On April 15, the company announced that three private investment groups acquired a minority stake in Evereve. The company has five more stores in the pipeline slated to open by September in Pennsylvania, Connecticut, Colorado, Illinois and Arizona.
 
When the Tamtes opened their first store more than a decade ago, the two had zero retail experience. But they were driven by a strong concept that resonated with customers.
 
“From the get-go we said, ‘We’re a store for moms, fashion loving moms.’ So we had an identifiable niche. We weren’t going after anybody and everybody,” says Mike Tamte, executive chairman of Evereve. “We haven’t swayed from that original vision.”
 
The couple set sales targets to gauge whether or not it made sense to expand. They opened their second store in Maple Grove in 2005 and their third store in Glenview, Illinois – Megan Tamte’s hometown – in 2006.
 
In the early stages of the company, the business was bankrolled with the help of investments from family and friends.
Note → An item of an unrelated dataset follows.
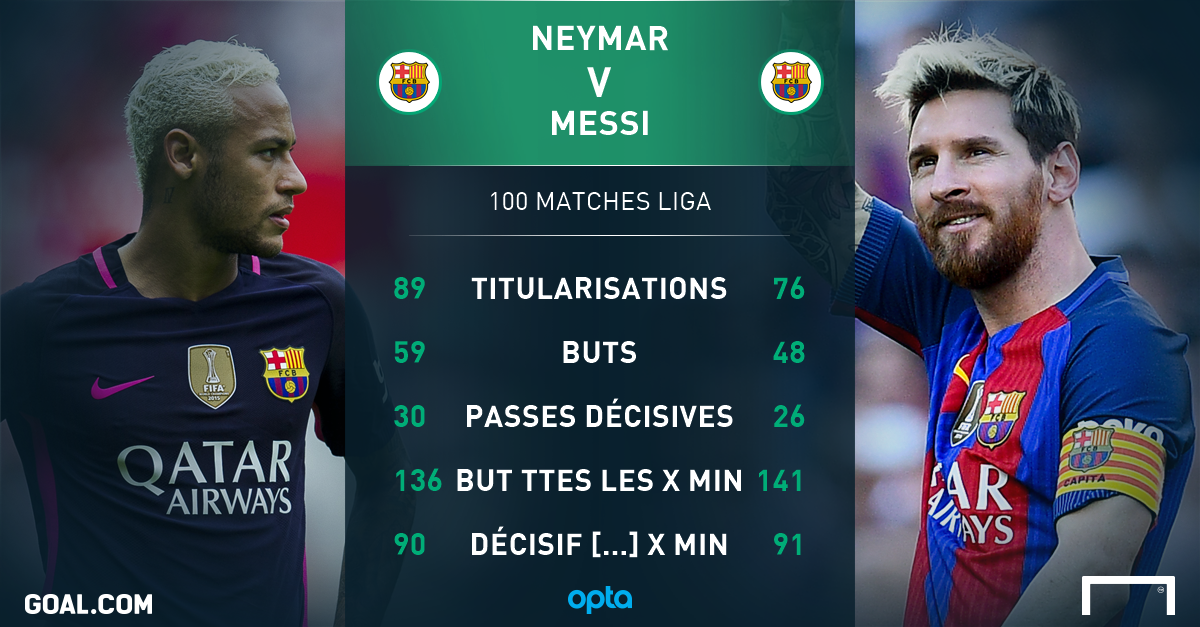 En réalité, il fait même mieux que son coéquipier argentin. Ce dernier a beau être le meilleur réalisateur de la Liga en activité, après 100 rencontres jouées, il ne présentait pas des chiffres aussi séduisants que Neymar comme l'indique Goal. Au niveau des buts (48 contre 59) ou des passes décisives (26 contre 30), son total était inférieur. Des déductions à en tirer ? Il y en a au moins une qui émerge comme incontestable : l'adaptation de la star auriverde à ce championnat est au moins aussi réussie que celle du quintuple Ballon d'Or.
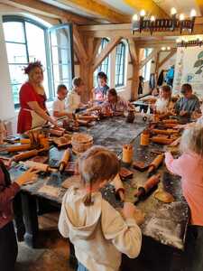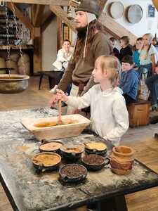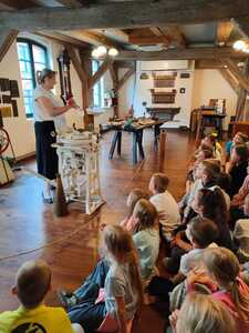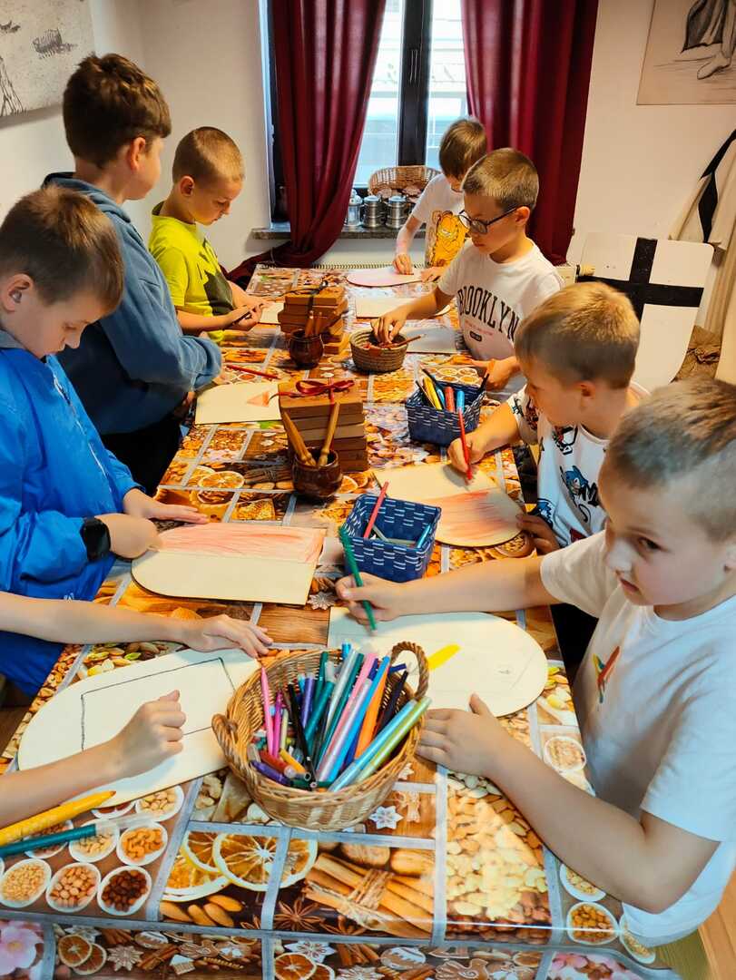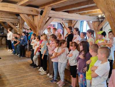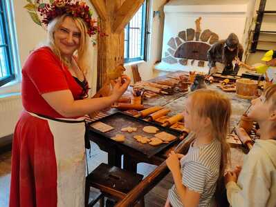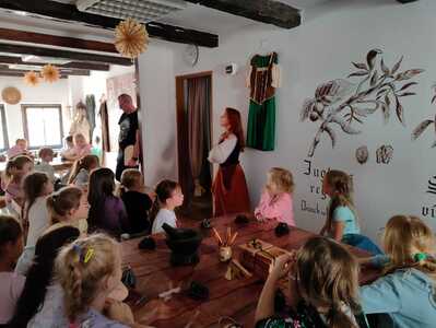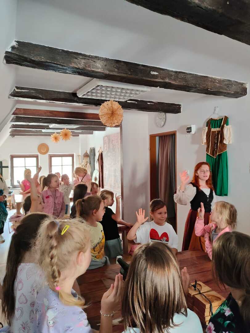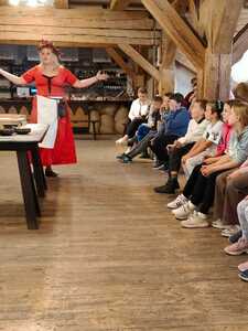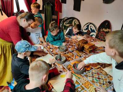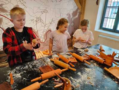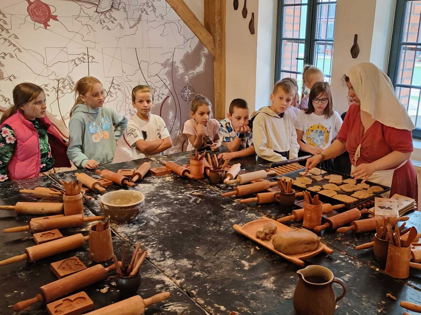 Atrakcją było także zwiedzanie muzeum. Dzięki ekspozycjom znajdującym się w udostępnionych pomieszczeniach zapoznali się z historią toruńskich pierników oraz obejrzeli narzędzia potrzebne do ich produkcji. Podczas seansu w Planetarium udali się w podróż po Układzie Słonecznym, mogli zobaczyć, jak wygląda z bliska powierzchnia Księżyca i Marsa, jak wyglądają pierścienie Saturna oraz chmury na Jowiszu. Przekroczyli również bramy Muzeum Historii Partaczy i ruszyli w podróż do czasów średniowiecza. W trakcie interaktywnych warsztatów aktywnie i czynnie brali udział w pokazach rzemieślniczych, własnoręcznie tworząc sakiewki czy ozdabiając tarcze.

But by 2007, Mike Tamte says that they no longer needed to rely on friends and family, but could fund growth through the cash flow of its operations. Tamte declined to disclose revenue for Evereve.
 
Tamte says that there have been four key factors driving the company’s success: a strong, identifiable niche, attention to having in-demand, contemporary design fashion products, strong customer service and prudent fiscal management. 
 
”Our secret sauce is our customer engagement; we’re very hands on,” says Tamte.
 
 
Tamte says that the company is often pitched new store locations, but is wary of rushing to every opportunity: “A majority of the time we just say no. It has to make financial sense for us. We do a lot of research before we say yes.”
 
During the recession, they did an extensive survey of store customers. Tamte says that they got high marks for customer service, but also discovered that many customers found it more expensive to shop their stores. In response, they tapped new sources to add some less expensive items to the store’s product mix.
 
The company has 8 locations in the metro area: Edina, St. Louis Park, St. Paul, Roseville, Eden Prairie, Maple Grove, Wayzata and Woodbury. The average footprint of an Evereve store is 2,500 square feet, which Tamte says is just right for the retailer: “It’s perfect for a boutique like ours.”
 
The company changed its name from Hot Mama to Evereve in July 2014. The two reasons behind the changes were that many prospective customers thought it was a maternity store and that after a decade they were unable to acquire the Hotmama.com domain name for their web site.
 
The three private investment groups that have acquired a stake in Evereve are Winona Capital Management and Prairie Management Group, both of Chicago, and the Lewis family, which owns River Island, a London-based fashion retailer with more than 300 stores worldwide.
 
“We needed to create liquidity for our initial investors,” says Tamte, who notes that about 40 family members and friends had invested in the company. “We’ve been getting a lot of phone calls over the years. …We felt like it was in the best interest of our investors to pursue liquidity now.”
 
Tamte declines to say what percentage of the company the investors acquired, but notes that it’s a minority stake: “We didn’t want to give up control at this point.”
 
The move brings a retail legend to the company’s board: Gordon Segal of Prairie Management co-founded Crate & Barrel with his wife in 1962.
 
“In my opinion it’s a coup,” says Tamte of adding Segal to the board.
 
Looking ahead, Tamte is bullish on continued growth for the boutique retailer: “Our plan is to continue growing at least 30 percent, year over year.”